First, every picture is resized to a set peak whereas sustaining its facet ratio to protect the visible construction of the Wingdings characters. Subsequent, we apply padding to make all photos the identical dimensions, usually a sq. form, to suit the enter necessities of neural networks. The padding is added symmetrically across the resized picture, with the background colour matching the unique picture’s background.

Splitting the Dataset

The dataset is split into three subsets: coaching (70%), validation (dev) (15%), and testing (15%). The coaching set is used to show the mannequin, the validation set helps fine-tune hyperparameters and monitor overfitting, and the check set evaluates the mannequin’s efficiency on unseen information. This random cut up ensures every subset is various and consultant, selling efficient generalization.

import pandas as pd
from sklearn.model_selection import train_test_split

# Learn the processed metadata
df = pd.read_csv('processed_metadata.csv')

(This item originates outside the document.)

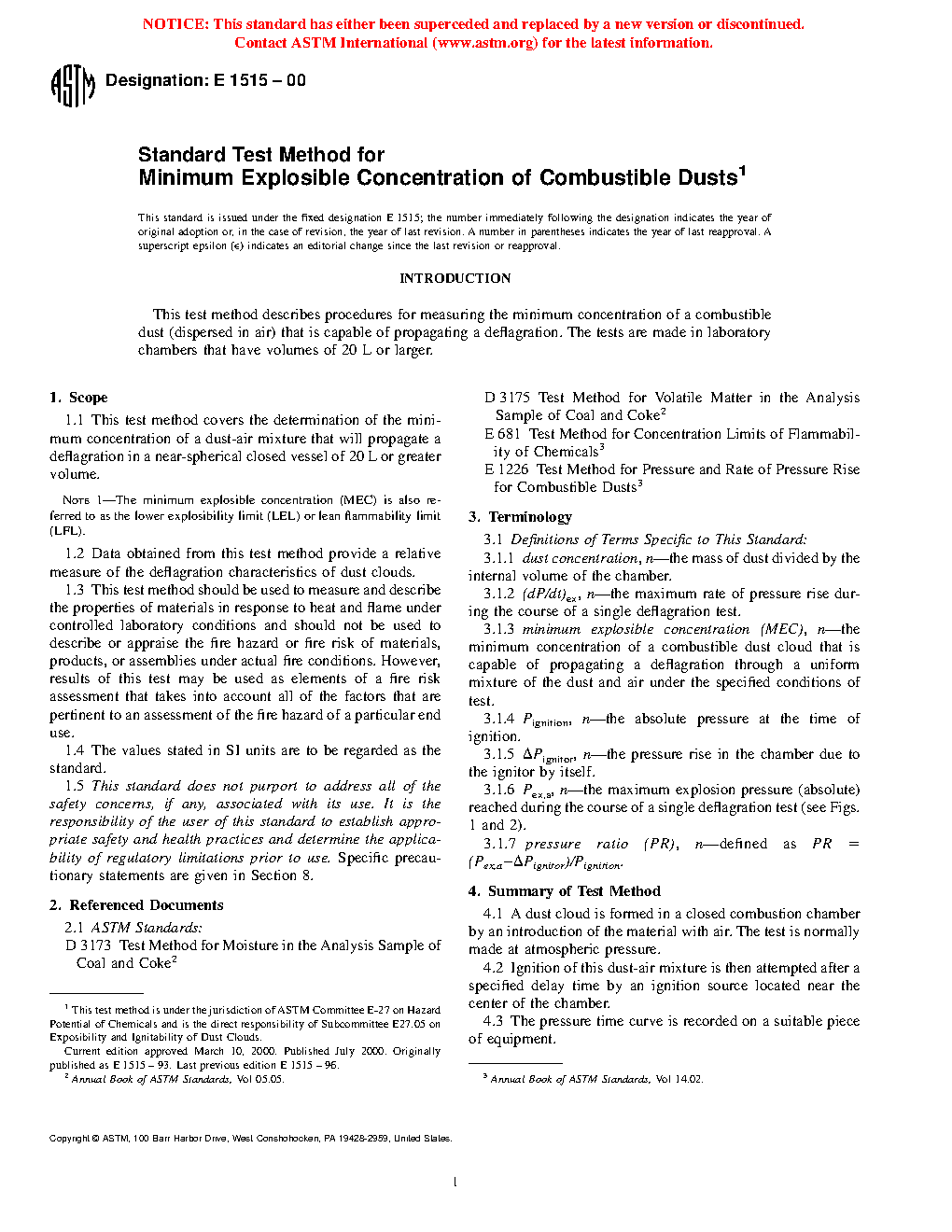 5.2 The MEC as measured by this test method provides a relative measure of the concentration of a dust cloud necessary for an explosion.

# First cut up: practice and short-term
train_df, temp_df = train_test_split(df, train_size=0.7, random_state=42)

# Second cut up: validation and check from short-term
val_df, test_df = train_test_split(temp_df, train_size=0.5, random_state=42)

# Save splits to CSV
train_df.to_csv('practice.csv', index=False)
val_df.to_csv('val.csv', index=False)
test_df.to_csv('check.csv', index=False)

print("Information cut up statistics:")
print(f"Coaching samples: {len(train_df)}")
print(f"Validation samples: {len(val_df)}")
print(f"Take a look at samples: {len(test_df)}")

Visualizing the Dataset

To higher perceive the dataset, we visualize samples from every cut up. Particularly, we show 5 examples from the coaching set, 5 from the validation set, and 5 from the check set. Every visualization contains the Wingdings textual content as a picture alongside its corresponding label in English. This step offers a transparent overview of the info distribution throughout the splits and ensures the correctness of the dataset mappings.

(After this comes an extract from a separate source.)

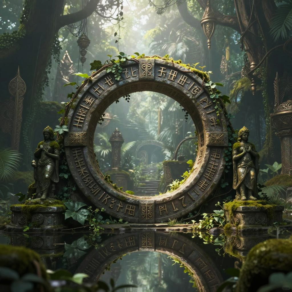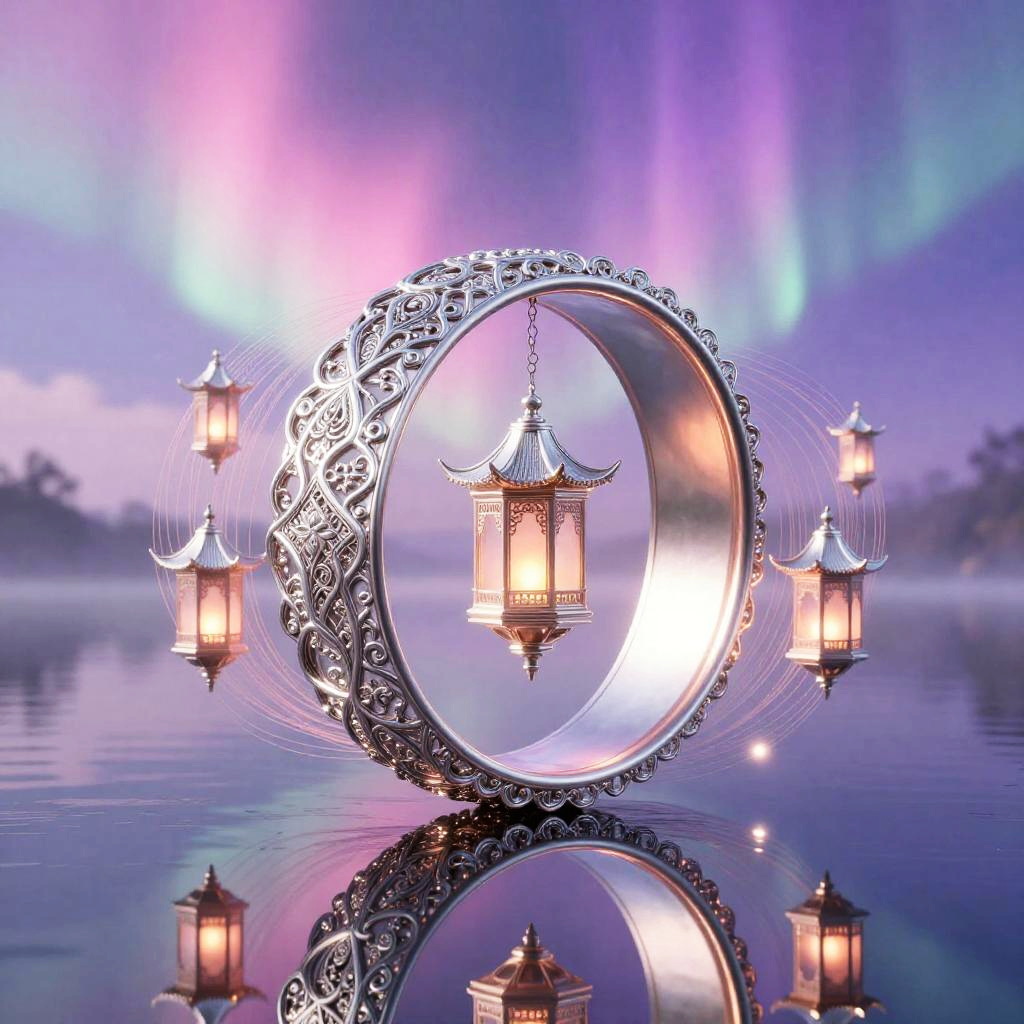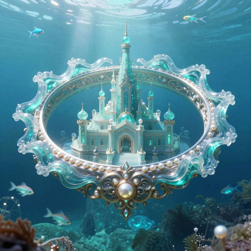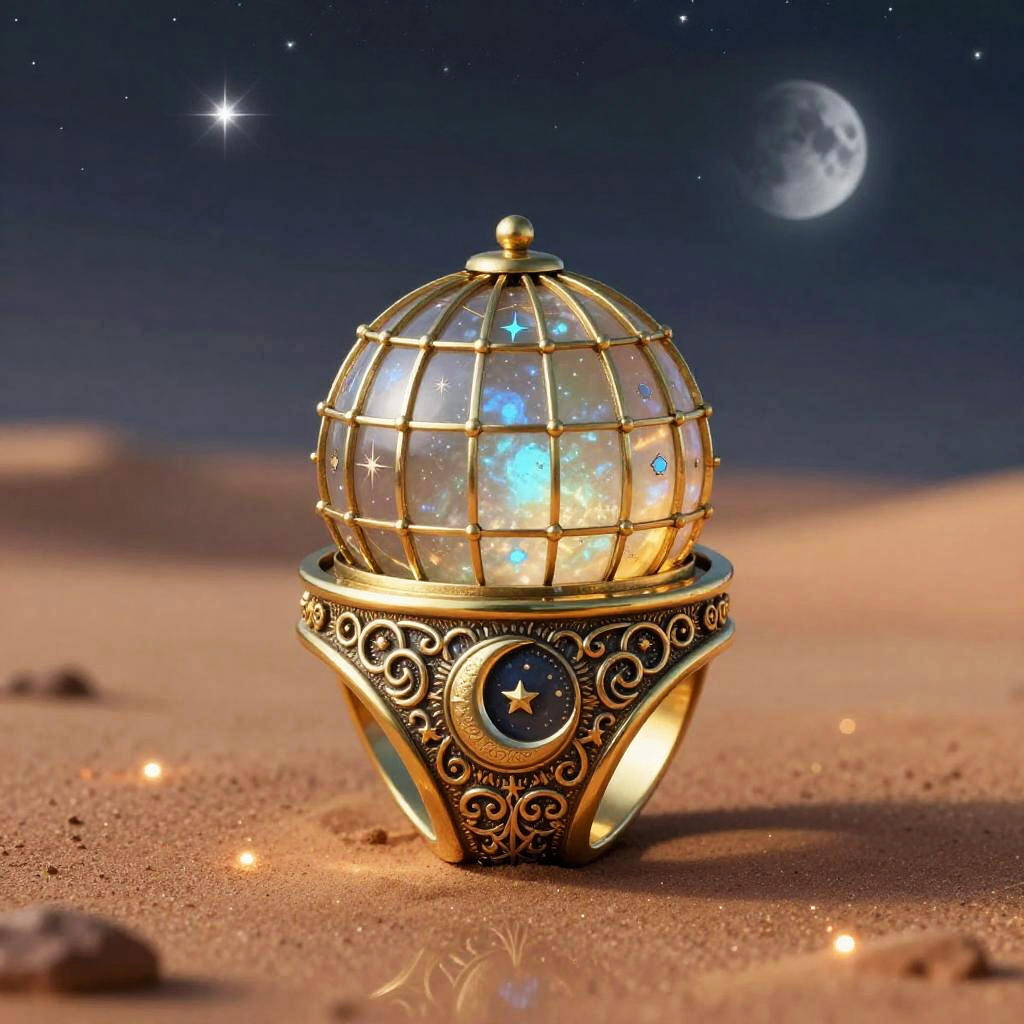A digital fantasy composition featuring massive obsidian circular ring with obsidian studs and etchings surrounding gigantic fortress made of black crystal and sharp facets. Set within perched on jagged cliffs overlooking a glassy chasm framed by stormy skies, with perfect reflections, ornate filigree, metallic shimmer, and a surreal dreamlike mood. Intricate patterns, soft volumetric light, high detail, balanced symmetry, subtle haze, harmonious color palette, ultra crisp yet painterly finish.

import matplotlib.pyplot as plt
from PIL import Picture
import pandas as pd

def plot_samples(df, num_samples=5, title="Pattern Pictures"):
    # Set bigger font sizes
    plt.rcParams.replace({
        'font.measurement': 14,          # Base font measurement
        'axes.titlesize': 16,     # Subplot title font measurement
        'determine.titlesize': 20    # Essential title font measurement
    })
    
    fig, axes = plt.subplots(1, num_samples, figsize=(20, 4))
    fig.suptitle(title, fontsize=20, y=1.05)
    
    # Randomly pattern photos
    sample_df = df.pattern(n=num_samples)
    
    for idx, (_, row) in enumerate(sample_df.iterrows()):
        img = Picture.open(row['processed_image_path'])
        axes[idx].imshow(img)
        axes[idx].set_title(f"Label: {row['english_word_label']}", fontsize=16, pad=10)
        axes[idx].axis('off')
    
    plt.tight_layout()
    plt.present()

# Load splits
train_df = pd.read_csv('practice.csv')
val_df = pd.read_csv('val.csv')
test_df = pd.read_csv('check.csv')

# Plot samples from every cut up
plot_samples(train_df, title="Coaching Samples")
plot_samples(val_df, title="Validation Samples")
plot_samples(test_df, title="Take a look at Samples")

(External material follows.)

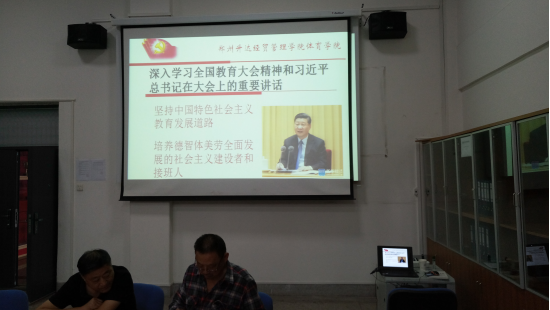 suncitygroup太阳集团体育舞蹈教研室党支部书记栗元辉、社会体育教研室党支部书记孟俊鸟和员工党支部书记高建涛分别带领全体教师学习《习近平在全国教育大会上重要讲话》全文。习总书记在讲话中谈到:“教师是人类灵魂的工程师,是人类文明的传承者,人民教师无上光荣,每个教师都要珍惜这份光荣,爱惜这份职业,严格要求自己,不断完善自己。做老师就要执着于教书育人,有热爱教育的定力、淡泊名利的坚守。要把立德树人融入思想道德教育、文化知识教育中去”。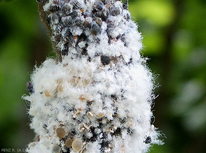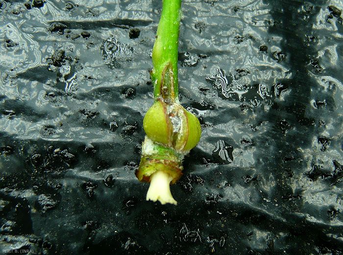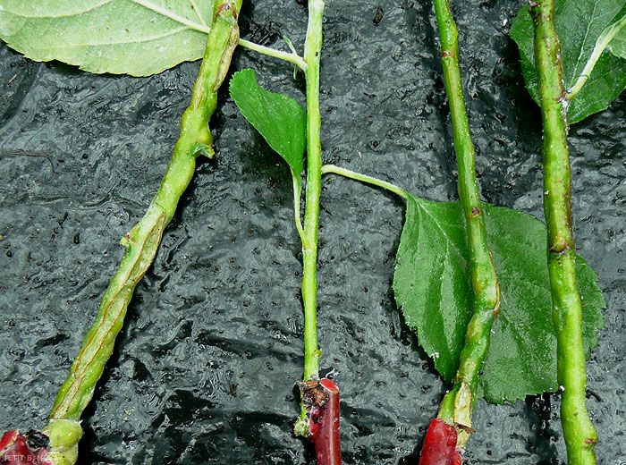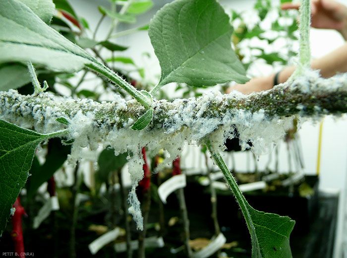 Sur les rameaux et les branches (figure 1), les piqûres des pucerons provoquent la formation de boursouflures puis de galles (figures 2 à 4) et enfin de chancres qui peuvent permettre l’attaque de pathogènes secondaires, notamment des champignons.

Samples from the info are visualised as:

Practice an OCR Mannequin

First we have to import the required libraries and dependencies:

import torch
import torch.nn as nn
from torch.utils.information import Dataset, DataLoader
from transformers import VisionEncoderDecoderModel, ViTImageProcessor, AutoTokenizer
from PIL import Picture
import pandas as pd
from tqdm import tqdm

Mannequin Coaching with ViTSTR

We use a Imaginative and prescient Encoder-Decoder mannequin, particularly ViTSTR (Imaginative and prescient Transformer for Scene Textual content Recognition). We fine-tune it for our Wingdings OCR job. The encoder processes the Wingdings textual content photos utilizing a ViT (Imaginative and prescient Transformer) spine, whereas the decoder generates the corresponding English phrase labels.

Enter picture is first transformed into patches (This picture is for illustrative functions solely and will not be to scale or precisely symbolize sensible dimensions). The patches are transformed into 1D vector embeddings. As enter to the encoder, a learnable patch embedding is added along with a place encod- ing for every embedding. The community is skilled end-to-end to foretell a sequence of characters. (GO] is a pre-defined begin of sequence image whereas [s] represents an area or finish of a personality sequence.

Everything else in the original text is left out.